### DATA PROVIDED
------------------------------------------------
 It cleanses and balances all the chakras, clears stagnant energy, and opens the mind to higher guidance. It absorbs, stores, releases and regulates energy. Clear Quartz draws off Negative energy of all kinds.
------------------------------------------------
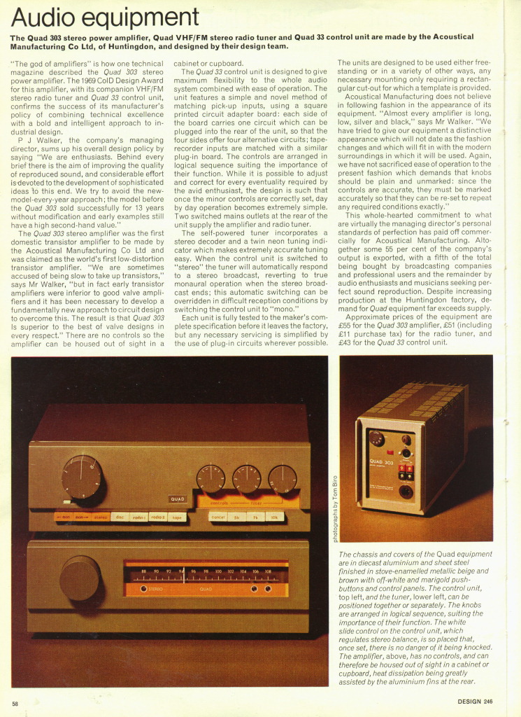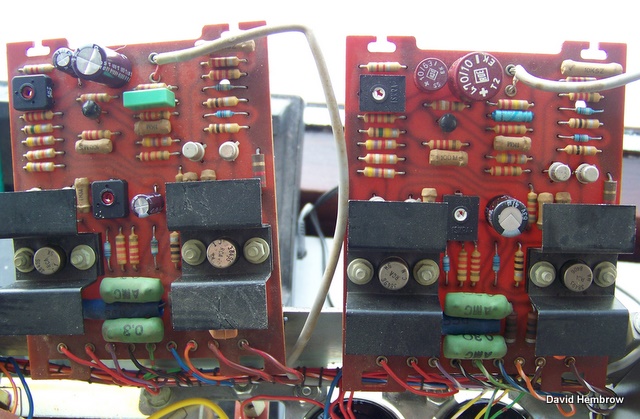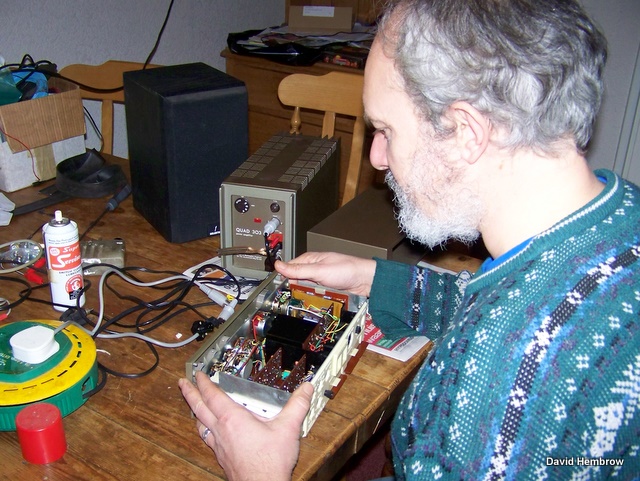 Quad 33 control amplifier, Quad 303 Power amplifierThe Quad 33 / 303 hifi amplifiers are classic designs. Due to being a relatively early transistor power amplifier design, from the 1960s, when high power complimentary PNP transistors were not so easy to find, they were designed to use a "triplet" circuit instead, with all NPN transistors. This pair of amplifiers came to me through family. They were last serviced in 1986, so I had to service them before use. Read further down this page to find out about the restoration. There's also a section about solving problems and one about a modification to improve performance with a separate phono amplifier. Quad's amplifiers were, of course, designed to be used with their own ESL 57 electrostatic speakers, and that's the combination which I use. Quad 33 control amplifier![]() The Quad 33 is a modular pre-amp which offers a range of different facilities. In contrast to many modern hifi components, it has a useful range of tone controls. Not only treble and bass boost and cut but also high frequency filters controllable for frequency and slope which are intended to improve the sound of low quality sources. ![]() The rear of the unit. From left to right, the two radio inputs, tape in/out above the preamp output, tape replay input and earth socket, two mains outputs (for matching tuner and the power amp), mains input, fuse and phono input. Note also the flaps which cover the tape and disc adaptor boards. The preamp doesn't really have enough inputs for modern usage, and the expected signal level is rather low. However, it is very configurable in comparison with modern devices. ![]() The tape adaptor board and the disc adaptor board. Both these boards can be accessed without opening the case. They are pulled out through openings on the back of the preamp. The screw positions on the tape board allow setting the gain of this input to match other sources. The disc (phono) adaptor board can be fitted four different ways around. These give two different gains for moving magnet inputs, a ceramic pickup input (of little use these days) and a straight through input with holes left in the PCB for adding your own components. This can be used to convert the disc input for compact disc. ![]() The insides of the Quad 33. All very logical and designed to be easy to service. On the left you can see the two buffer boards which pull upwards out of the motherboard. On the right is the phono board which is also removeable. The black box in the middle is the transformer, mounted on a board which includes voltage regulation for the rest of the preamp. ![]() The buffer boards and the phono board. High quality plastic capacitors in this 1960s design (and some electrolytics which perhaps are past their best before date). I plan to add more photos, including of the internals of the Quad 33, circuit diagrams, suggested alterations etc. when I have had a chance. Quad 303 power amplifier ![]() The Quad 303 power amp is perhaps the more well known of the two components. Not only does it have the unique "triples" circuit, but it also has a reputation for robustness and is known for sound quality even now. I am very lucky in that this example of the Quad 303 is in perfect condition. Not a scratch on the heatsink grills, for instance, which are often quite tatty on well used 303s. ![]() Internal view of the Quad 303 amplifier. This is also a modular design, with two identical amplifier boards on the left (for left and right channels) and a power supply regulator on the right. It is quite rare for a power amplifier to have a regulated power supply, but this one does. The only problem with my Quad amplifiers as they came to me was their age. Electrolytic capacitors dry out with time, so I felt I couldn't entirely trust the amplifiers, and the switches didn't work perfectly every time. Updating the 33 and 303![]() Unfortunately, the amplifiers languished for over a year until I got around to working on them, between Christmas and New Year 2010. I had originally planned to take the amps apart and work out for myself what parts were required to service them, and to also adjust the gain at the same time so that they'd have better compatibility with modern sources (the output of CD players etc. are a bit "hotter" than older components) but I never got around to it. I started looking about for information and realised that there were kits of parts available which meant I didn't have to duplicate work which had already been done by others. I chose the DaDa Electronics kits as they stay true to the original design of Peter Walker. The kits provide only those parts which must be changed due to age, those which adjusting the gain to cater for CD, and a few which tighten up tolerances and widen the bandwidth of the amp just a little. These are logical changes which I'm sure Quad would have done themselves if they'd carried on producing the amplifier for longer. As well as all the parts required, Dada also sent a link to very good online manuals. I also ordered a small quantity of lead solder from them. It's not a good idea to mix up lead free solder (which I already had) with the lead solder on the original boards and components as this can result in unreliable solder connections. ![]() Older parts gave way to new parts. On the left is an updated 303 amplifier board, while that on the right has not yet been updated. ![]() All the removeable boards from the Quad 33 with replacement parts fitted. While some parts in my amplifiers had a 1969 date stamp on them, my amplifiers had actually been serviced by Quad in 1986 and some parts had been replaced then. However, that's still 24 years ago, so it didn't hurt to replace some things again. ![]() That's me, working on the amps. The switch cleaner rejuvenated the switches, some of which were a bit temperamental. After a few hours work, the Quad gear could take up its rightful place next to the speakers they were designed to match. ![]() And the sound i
------------------------------------------------
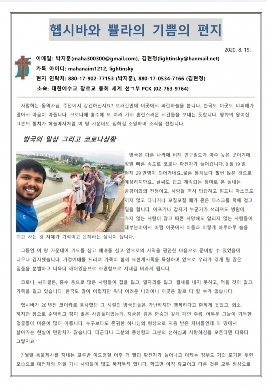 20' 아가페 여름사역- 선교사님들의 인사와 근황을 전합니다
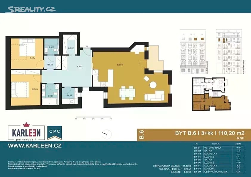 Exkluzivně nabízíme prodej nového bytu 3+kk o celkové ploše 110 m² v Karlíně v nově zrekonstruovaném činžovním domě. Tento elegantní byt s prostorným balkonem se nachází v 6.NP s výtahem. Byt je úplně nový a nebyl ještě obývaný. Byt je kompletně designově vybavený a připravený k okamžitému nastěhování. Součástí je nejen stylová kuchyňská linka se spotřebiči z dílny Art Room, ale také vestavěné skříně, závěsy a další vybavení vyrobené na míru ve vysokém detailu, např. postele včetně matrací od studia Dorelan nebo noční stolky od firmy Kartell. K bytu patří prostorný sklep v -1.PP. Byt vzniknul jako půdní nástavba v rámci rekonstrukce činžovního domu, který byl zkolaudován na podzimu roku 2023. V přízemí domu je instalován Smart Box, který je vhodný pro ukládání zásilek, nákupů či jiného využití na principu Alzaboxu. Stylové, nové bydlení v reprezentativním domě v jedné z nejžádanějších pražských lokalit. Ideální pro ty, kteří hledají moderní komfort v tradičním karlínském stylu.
------------------------------------------------
### BRIEF
Print an exact copy of the lines above, from the one containing "20' 아가페 여름사역- 선교사님들의 인사와 근황을 전합니다" through the one containing "Exkluzivně nabízíme prodej", and leave out the pictures.

### TASK SOLUTION
 20' 아가페 여름사역- 선교사님들의 인사와 근황을 전합니다
 Exkluzivně nabízíme prodej nového bytu 3+kk o celkové ploše 110 m² v Karlíně v nově zrekonstruovaném činžovním domě. Tento elegantní byt s prostorným balkonem se nachází v 6.NP s výtahem. Byt je úplně nový a nebyl ještě obývaný. Byt je kompletně designově vybavený a připravený k okamžitému nastěhování. Součástí je nejen stylová kuchyňská linka se spotřebiči z dílny Art Room, ale také vestavěné skříně, závěsy a další vybavení vyrobené na míru ve vysokém detailu, např. postele včetně matrací od studia Dorelan nebo noční stolky od firmy Kartell. K bytu patří prostorný sklep v -1.PP. Byt vzniknul jako půdní nástavba v rámci rekonstrukce činžovního domu, který byl zkolaudován na podzimu roku 2023. V přízemí domu je instalován Smart Box, který je vhodný pro ukládání zásilek, nákupů či jiného využití na principu Alzaboxu. Stylové, nové bydlení v reprezentativním domě v jedné z nejžádanějších pražských lokalit. Ideální pro ty, kteří hledají moderní komfort v tradičním karlínském stylu.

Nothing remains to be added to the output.